Experimental study on visualization simulation of coal powder dynamic migration and deposition in propped fractures

In view of the problem that the dynamic migration and deposition process of pulverized coal in propped fractures and the distribution characteristics of pulverized coal after sedimentation are blocked, the self-developed visualization simulation device for dynamic migration and deposition of pulverized coal was used to carry out simulation experiments of dynamic coal migration and deposition. Based on experimental feature image extraction and pixel gray level recognition, a grayscale matrix about the length and height of the visible crack plate is established, and the feature image is binarized.
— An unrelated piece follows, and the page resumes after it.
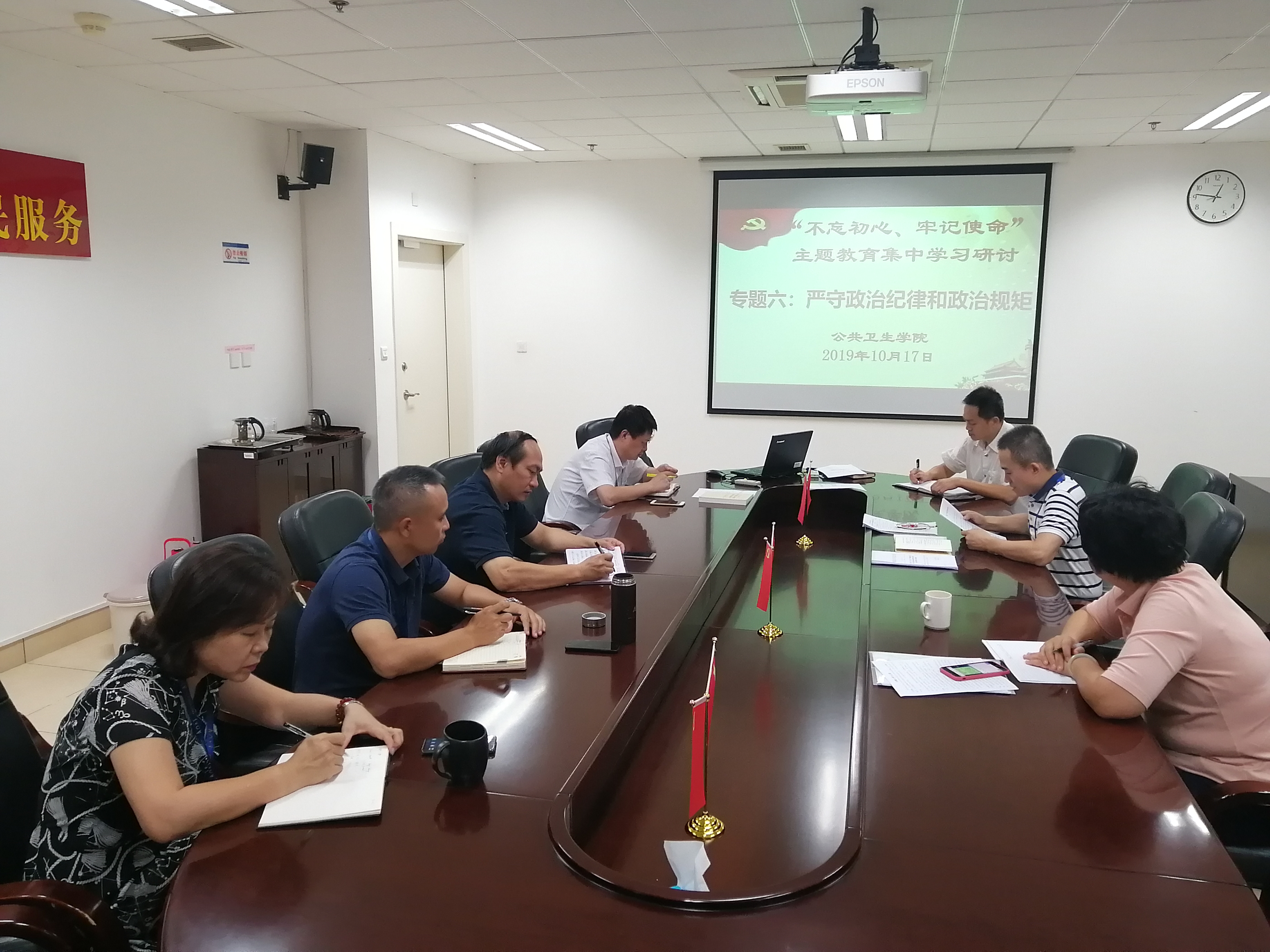 10月17日,公共卫生学院开展“不忘初心、牢记使命”主题教育集中学习研讨,主题是严守政治纪律和政治规矩。参加人员有党员领导干部、党委委员。本次集中学习研讨由院党委委员、副院长林忠宁主讲领学。

The ration of the number of pixels (the amount of coal powder) in each grid with a gray level of zero to the total pixels in the grid “Rc” is used to characterize the influence of coal powder deposition in the flow channel of propped fractures. The migration, deposition and plugging characteristics of coal powder at different positions of the propped fractures with different displacement and displacement time were compared and analyzed. The test results show that the migration and deposition of pulverized coal is mainly carried out in the flow channels formed by the interconnected accumulation pores. Due to the influence of gravity, more pulverized coal is deposited in the lower edge of the propped fracture. After the coal powder migrates into the proppant fractures, it will go through three stages of adsorption on the pore surface, bridging to block the pore roars, and filter cake to block the flow channel. Coal powder migrates from the accumulation area to the fracture outlet and deposits along the migration path. If the flow channel is not blocked, the migration and deposition equilibrium state will be reached. When coal powder does not block the flow channel, it presents “finger deposition characteristics”, otherwise it presents “massive deposition characteristics”. With the increase of displacement, the “finger deposition characteristics” tend to change to “massive deposition characteristics”. When the concentration of coal powder is constant and foreign coal powder continues to be replenished, the probability of flow channel clogging caused by coal powder increases with the increase of displacement and the blocking time will be advanced. In the early stage of drainage gas recovery, it is necessary to properly control the drainage to reduce the damage to the flow channel caused by the clogging of the pulverized coal deposition.